**The problem:** Only the lines from the start of the data through the line with "На соревнованиях по автогонкам" belong in the copy. Restate them word for word, minus the pictures.

**Data listing:**
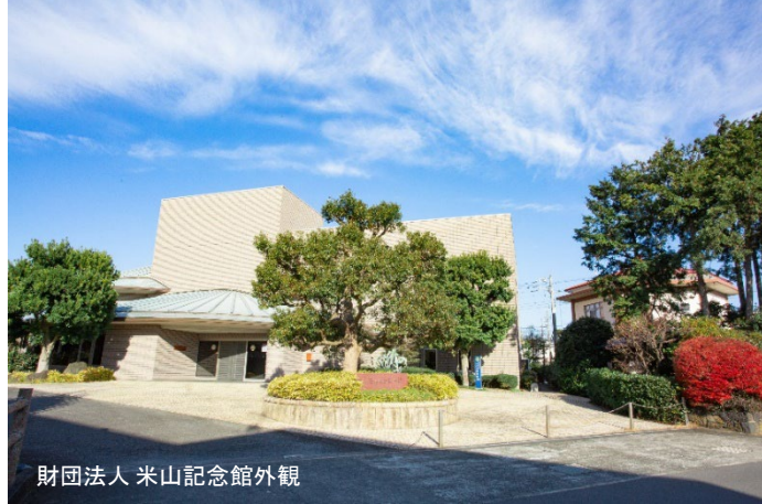
財団法人 米山記念館外観
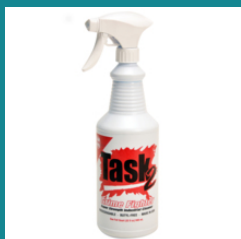
Frasco de 1 cuarto SKU: TASK2GF-QT UPC-12: 641238030195
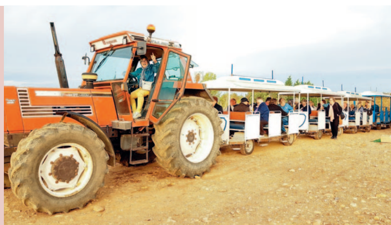
En voiture tout le monde.
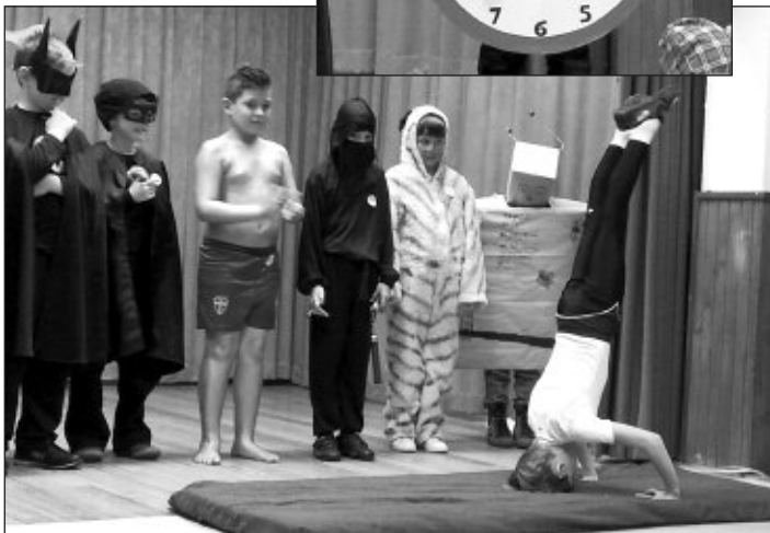
A második osztály
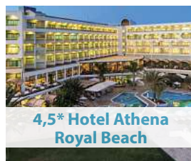
4,5* Hotel Athena Royal Beach
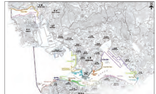
22 Action Areas 22個行動區
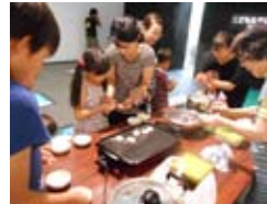
▶ じゃんぼ餅づくりに挑戦しました！

6月の環境月間に合わせて、「リユースはアートなり。」をテーマに企画展を開催しました。期間中は花王国際子ども環境絵画コンテストの入賞作品をご覧になっている方、週末の工作ワークショップなどに参加して下さった方などで大変にぎわいました。今回の企画展をきっかけに、いらなくなったものでも工夫次第でこんなに楽しめるものになると、リユースをより身近なものとして感じていただければ嬉しいです。12月の地球温暖化防止月間にも楽しい企画展を開催する予定です。お楽しみに♪
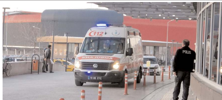
Hastanede yapılan kontrolde bebeğin öldüğü belirlendi.
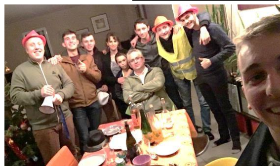
Les conscrits prenant la pause... mais pas en pause !
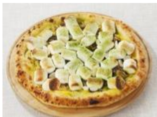
【焼きホワイトチョコの抹茶マシュマロピザ】
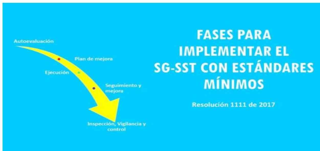
Tabla 2. Fases para implementar el SG-SST
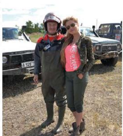
На соревнованиях по автогонкам

И: – Я долго работаю в кино с режиссером Тимуром Бекмамбетовым, около 11 лет. Часто ездили в командировки, подруга не была в Казахстане. Тут меня Тимур отправляет по фильму «Вики» по России и в Казахстан, я
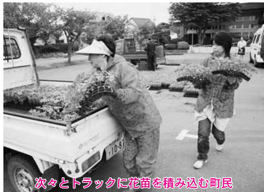
次々とトラックに花苗を積み込む町民
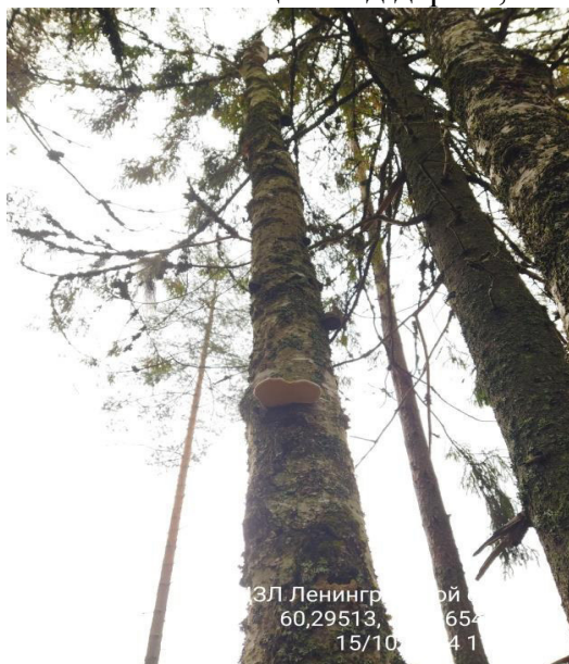
Фото № 1.1 Общий вид дерева, плодовые тела трутовиков
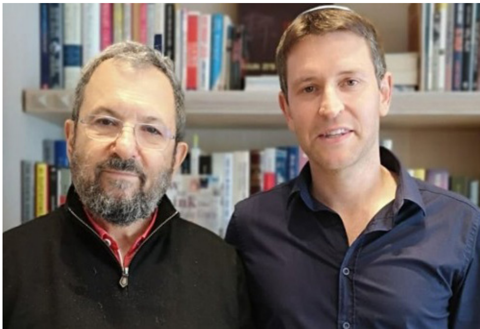
אהוד ברק עם הרכש הדתי למפלגתו, יאיר פינק

"חוק הגיוס זה ישראבלוף", אמר ברק והדגיש: "נדאג להסדרה מכבדת לקבוצת לומדי תורה מצטיינים שתורתם אומנותם. כחלק מהמסורת והמחויבות היהודית" • המסר של ברק לציבור החרדי: ביטול חוק הגיוס, תוכנית לשילוב חרדים בשוק העבודה ובחברה הישראלית • האם נתניהו צריך להתחיל לדאוג מ"השותפים הטבעיים"?
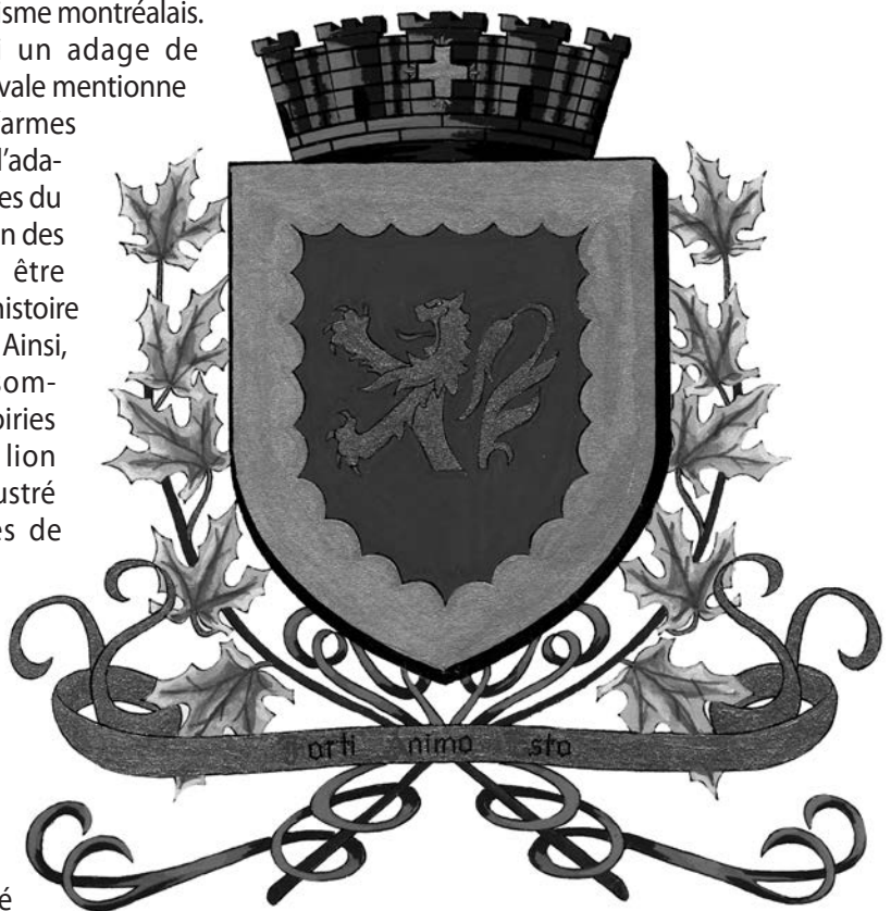
Armoiries de Naudville. (Société d'histoire du Lac-St-Jean).

Michel Pastoureau, « Ours, lion, aigle : enquête sur le roi des animaux », L'Histoire , n° 114 (septembre 1988), p. 16-24.
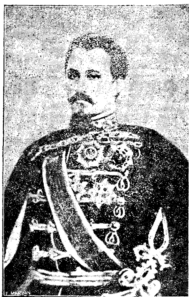
Domnitorul Alexandru I. Cuza (Unirea [Principatelor Române])

**Answer to the problem:**
財団法人 米山記念館外観
Frasco de 1 cuarto SKU: TASK2GF-QT UPC-12: 641238030195
En voiture tout le monde.
A második osztály
4,5* Hotel Athena Royal Beach
22 Action Areas 22個行動區
▶ じゃんぼ餅づくりに挑戦しました！

6月の環境月間に合わせて、「リユースはアートなり。」をテーマに企画展を開催しました。期間中は花王国際子ども環境絵画コンテストの入賞作品をご覧になっている方、週末の工作ワークショップなどに参加して下さった方などで大変にぎわいました。今回の企画展をきっかけに、いらなくなったものでも工夫次第でこんなに楽しめるものになると、リユースをより身近なものとして感じていただければ嬉しいです。12月の地球温暖化防止月間にも楽しい企画展を開催する予定です。お楽しみに♪
Hastanede yapılan kontrolde bebeğin öldüğü belirlendi.
Les conscrits prenant la pause... mais pas en pause !
【焼きホワイトチョコの抹茶マシュマロピザ】
Tabla 2. Fases para implementar el SG-SST
На соревнованиях по автогонкам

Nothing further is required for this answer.